Six Feet Of The Country By Nadine Gordimer Summary Site
The couple lives in a small cottage attached to the store. They are outsiders: white, English-speaking, and Jewish in a predominantly Afrikaner rural district. They feel a sense of superiority over their Afrikaner neighbors, whom they consider crude, and a sense of frustrated benevolence toward the black people, whom they see as childlike and in need of firm management.
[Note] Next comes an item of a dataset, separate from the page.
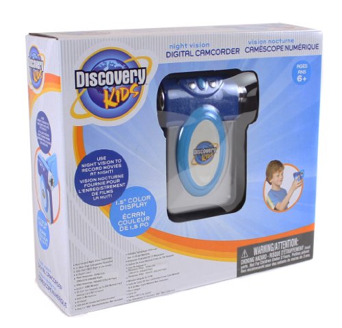 DISCOVERY EXCLUSIVE!The Discovery Night Vision Camcorder for kids 6 and older lights up the night for amazing videos of otherwise unseen happenings. The 3.0 megapixel video recorder and digital camera has infrared technology, 300K pixel CMOS night vision sensor, LCD display, four photo resolutions and video resolutions of 640x480 pixels. The kids camcorder, Discovery Night Vision, is complete with 16MB memory and SD card slot that supports a 4GB card (memory card not included), built-ion microphone, AV output, and USB and AV connection cable included.
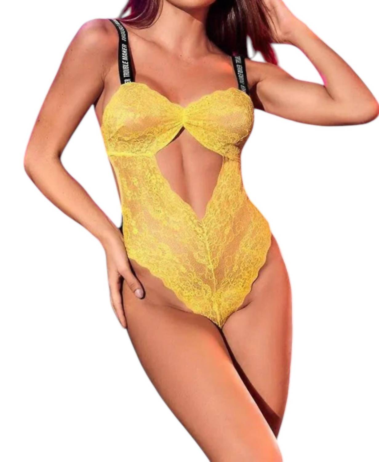 Who doesn't love a good bodysuit? Elevate your look with the Injection Elastic Bodysuit by Mapale, a striking piece in vibrant yellow perfect for any special occasion. This sleeveless bodysuit features a textured pattern and a sweetheart neckline, accented by a front cutout and ruched details for added allure. Designed with thong coverage and a convenient pull-on closure, it effortlessly combines style and comfort. Ideal for the summer season and crafted with quiet luxury in mind, this bodysuit adds a splash of color and sophistication to your wardrobe.

The narrator reads the letter to Petrus. He tries to soften the blow, to explain that he fought as hard as he could. Petrus stands in silence. Then, for the first time, the narrator sees a true emotion in his face—not anger, but a profound, silent grief and a dawning realization of the nature of the world he lives in. Petrus does not thank the narrator. He simply turns and walks away. six feet of the country by nadine gordimer summary
Introduction to the Story Nadine Gordimer (1923–2014), the South African Nobel laureate, is renowned for her unflinching portrayal of the moral and psychological toll of apartheid. Her 1956 short story, “Six Feet of the Country,” is a quintessential example of her early work. At first glance, the story seems to be a simple, tragic anecdote about a poor African man who dies and is buried, and the ensuing bureaucratic struggle to retrieve his body. However, beneath this surface lies a profound exploration of racial insensitivity, the chasm between white privilege and black suffering, the failure of liberal goodwill, and the impersonal, dehumanizing machinery of the apartheid state. The couple lives in a small cottage attached to the store
Petrus is grief-stricken. The narrator’s wife is horrified by her husband’s callousness, but she does nothing to intervene. The local police are called, and the body is taken away by the municipal “native burial” service. Petrus comes to the narrator again. This time, his request is different. He explains that in his tribal custom (the story vaguely suggests he is Xhosa or a similar group), it is essential for a person to be buried in the soil of his home, not in a strange, foreign place like the town’s pauper’s grave. The family has sent money from the reserves. Petrus wants to retrieve Johannes’s body—or at least have it exhumed—so that it can be transported back home for a proper burial. All he needs is the narrator’s help: a letter, a car, a voice of authority. The narrator reads the letter to Petrus
This article provides a detailed, paragraph-by-paragraph summary of the story, followed by an analysis of its major themes, characters, and symbolic weight. Part 1: The Setup – A Rural Business Venture The story is narrated by a white man, who remains unnamed. He and his wife, a liberal, well-intentioned couple, have left Johannesburg to run a small roadside "general dealer’s" store and a transport business in a rural area. They have also acquired a piece of land—"six miles of ground"—on which they hope to raise chickens and pigs. The narrator describes their relationship with the local black population as transactional but not unkind. They employ several black workers, and the narrator fancies himself a fair "baas" (boss), albeit one who keeps a comfortable distance from the personal lives of his employees.